Mei Gang, Xu Liangliang, Xu Nengxiong
School of Engineering and Technology, China University of Geosciences, Beijing, People's Republic of China.
R Soc Open Sci. 2017 Sep 20;4(9):170436. doi: 10.1098/rsos.170436. eCollection 2017 Sep.
This paper focuses on designing and implementing parallel adaptive inverse distance weighting (AIDW) interpolation algorithms by using the graphics processing unit (GPU).
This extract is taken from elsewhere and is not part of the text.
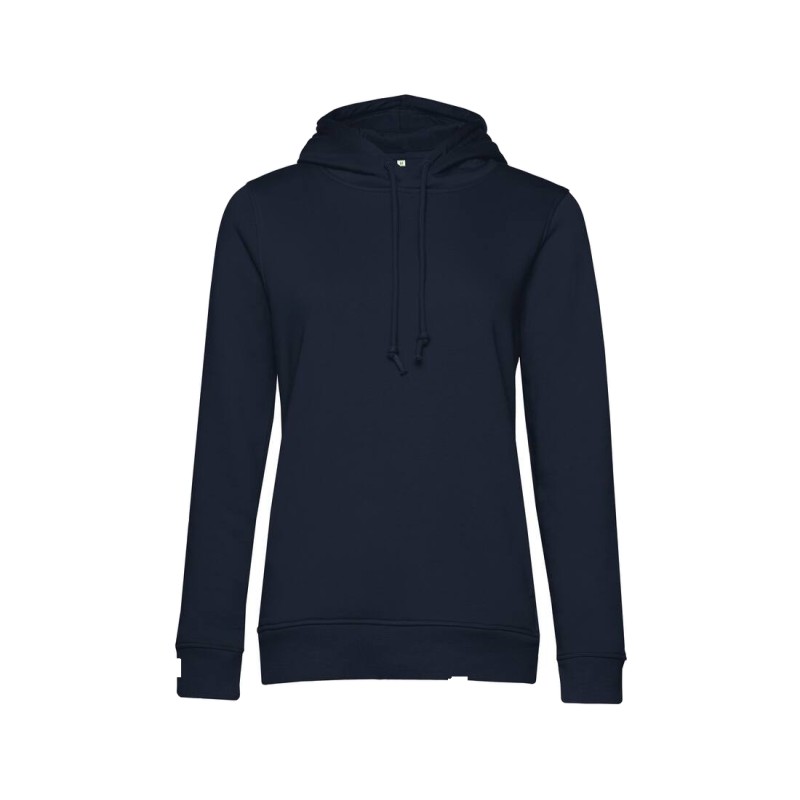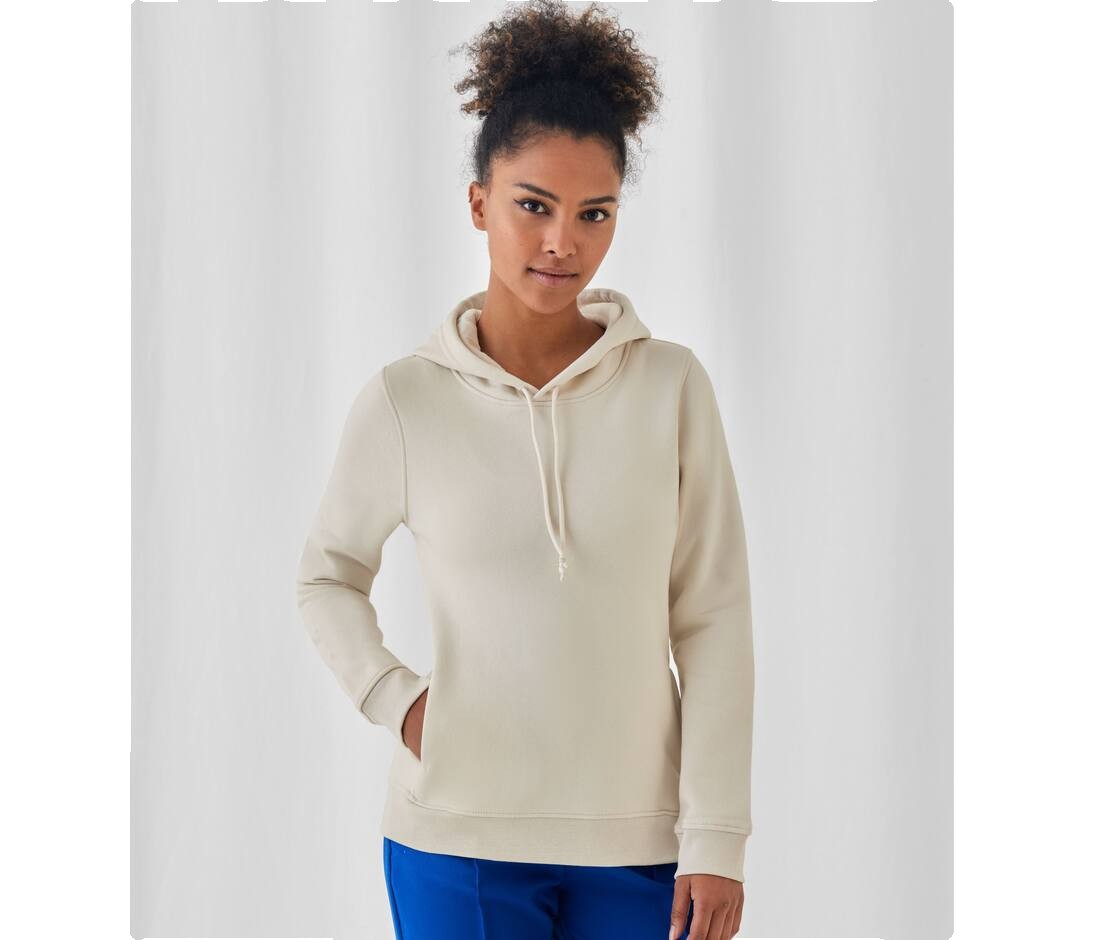 Sweat-shirt femme à capuche, organique ou organique en conversion et au design tendance. Capuche doublée avec cordon. Bande de propreté en chevron.

The AIDW is an improved version of the standard IDW, which can adaptively determine the power parameter according to the data points' spatial distribution pattern and achieve more accurate predictions than those predicted by IDW. In this paper, we first present two versions of the GPU-accelerated AIDW, i.e. the naive version without profiting from the shared memory and the tiled version taking advantage of the shared memory. We also implement the naive version and the tiled version using two data layouts, structure of arrays and array of aligned structures, on both single and double precision. We then evaluate the performance of parallel AIDW by comparing it with its corresponding serial algorithm on three different machines equipped with the GPUs GT730M, M5000 and K40c. The experimental results indicate that: (i) there is no significant difference in the computational efficiency when different data layouts are employed; (ii) the tiled version is always slightly faster than the naive version; and (iii) on single precision the achieved speed-up can be up to 763 (on the GPU M5000), while on double precision the obtained highest speed-up is 197 (on the GPU K40c). To benefit the community, all source code and testing data related to the presented parallel AIDW algorithm are publicly available.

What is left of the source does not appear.